The researchers used college-enrollment data from the National Student Clearinghouse to track participants’ educational attainment after high school. The rate of college enrollment of Hispanic students was unaffected by whether or not those students had received a voucher—45 percent attended college either way. On the other hand, African-American students, who made up about 40 percent of the study’s participants, were more likely than peers who had failed to win a voucher to enroll in college (42 percent compared with 36 percent), twice as likely to enroll in a selective private university (7 percent versus 3 percent), and 50 percent more likely to enroll in a private university if they received a voucher.
The authors speculate that Hispanic families may have been more likely to be interested in vouchers for religious reasons in addition to dissatisfaction with their current schooling options. The parents of black students in the study were less likely than the parents of the Hispanic students to be Catholic, and indicated that they were less satisfied with their other options than the Hispanic parents were.
“The Hispanic students who participated in this study were more likely to go to college in any case,” said Mr. Peterson, a finding that he said may suggest that the black participants were a more disadvantaged group.

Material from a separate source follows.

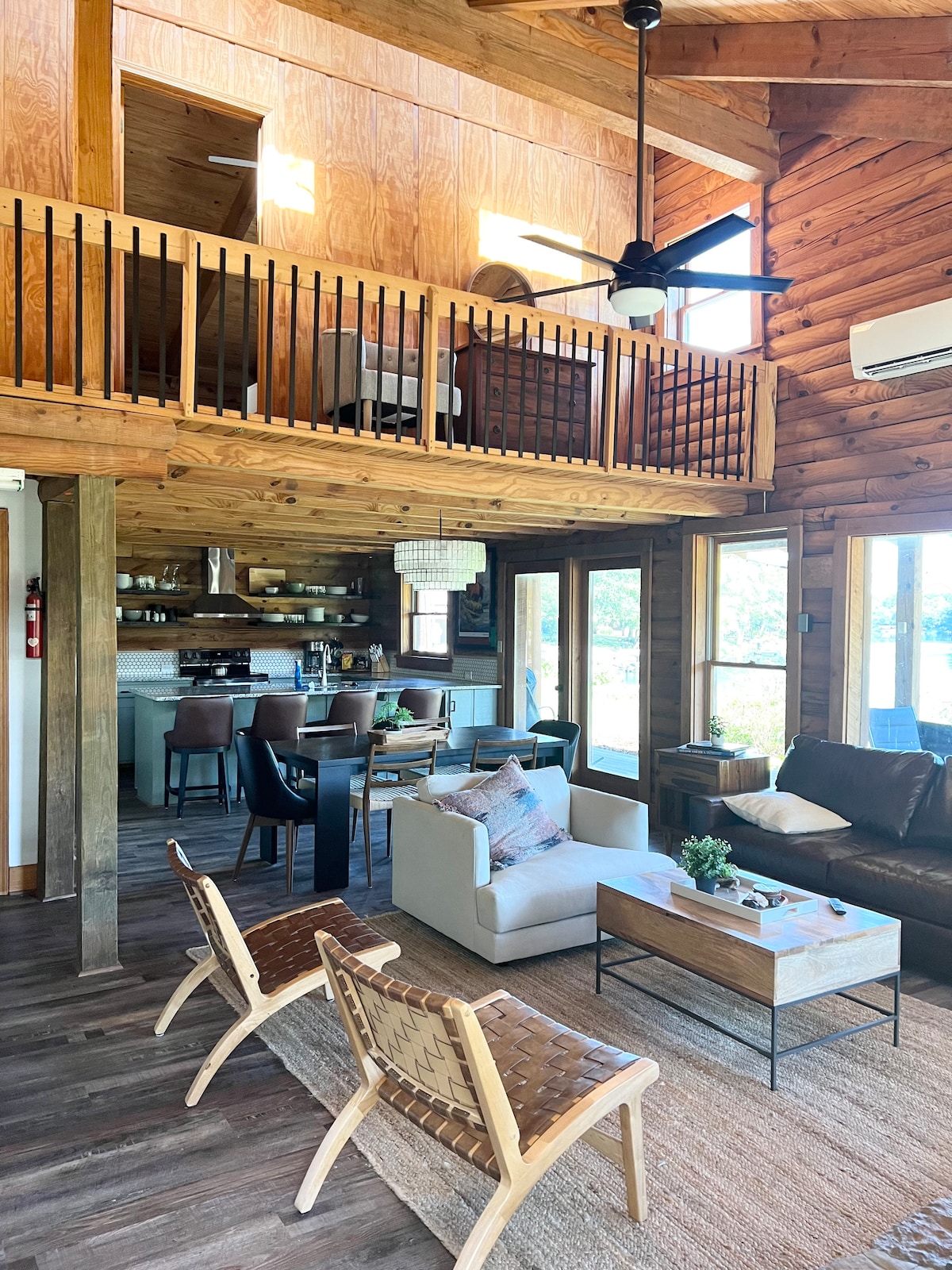 Esta cabaña frente al río es un pequeño refugio íntimo con carácter auténtico. Nuestra cabaña de una habitación tiene acceso al río y vistas al río, espacio para dormir para cuatro personas en una cama tamaño queen y un futón tamaño queen. Una cocina completa con utensilios de cocina de calidad, nevera de tamaño completo, cocina eléctrica con horno y barra de café totalmente surtida. El muelle cubierto está disponible para pescar y si traes un barco puedes usar el muelle para albergarlo. ¡LA CABINA NO ADMITE MASCOTAS!

“Choice makes a bigger difference when students’ options without additional choices look bleak,” said Jay P. Greene, the chair of the education reform department at the College of Education and Health Professions at the University of Arkansas at Fayetteville.
Christopher Lubienski, an associate professor of education policy, organization and leadership at the University of Illinois at Urbana-Champaign, pointed out that the impact of actually using a voucher was not much greater than the effect of being offered one. The study suggests that being offered a voucher increased the college-enrollment rate by 7.1 percentage points, suggesting that the 8.7 percentage point gain from actually using the voucher to attend private school caused only a 1.6 percentage point increase more than being offered a voucher and not using it, Mr. Lubienski said. “I’m very much in doubt that this is statistically significant,” Mr. Lubienski said.
Mr. Peterson was a co-author of a previous controversial study of the same group of New York City students. It found no significant impacts overall on standardized tests but some growth for black students.
“This nicely lines up with those results,” said Mr. Chingos.
Impact on the Disadvantaged
The authors touted the improvement as evidence of a positive impact on the most disadvantaged students from what Mr. Chingos described as a “modest intervention.”
But it is unclear whether the most disadvantaged students were represented at all, said Mr. Greene. Since the scholarships provided through the fund did not cover full tuition at most schools, which was an average of $1,728 in New York City Catholic schools at the time of the study, parents who could not make up the difference may not have applied.
The New York City program also took place before other alternatives to regular public schools, such as charter schools, were widely available to parents.
“These are highly limited choice programs,” Mr. Greene said. “This doesn’t necessarily tell us what a larger, full-scale choice program could do. That uncertainty could go in either direction.”
Voucher programs seem to have a stronger impact on students’ educational attainment than on their performance on standardized tests, said the Fordham Institute’s Mr. Petrilli. “Test scores are proxies,” he said. “What you really care about is how kids do in the real world.”
Mr. Petrilli said that Catholic schools may be more effective at teaching students certain character traits, like grit, that lead to future success.
The research adds to a growing body of work that looks at students’ educational attainment rather than their performance on standardized tests when measuring the effects of vouchers, charter schools, and other forms of school choice.
Mr. Chingos said his research team would likely look at whether the same set of students actually graduated from college a few years later.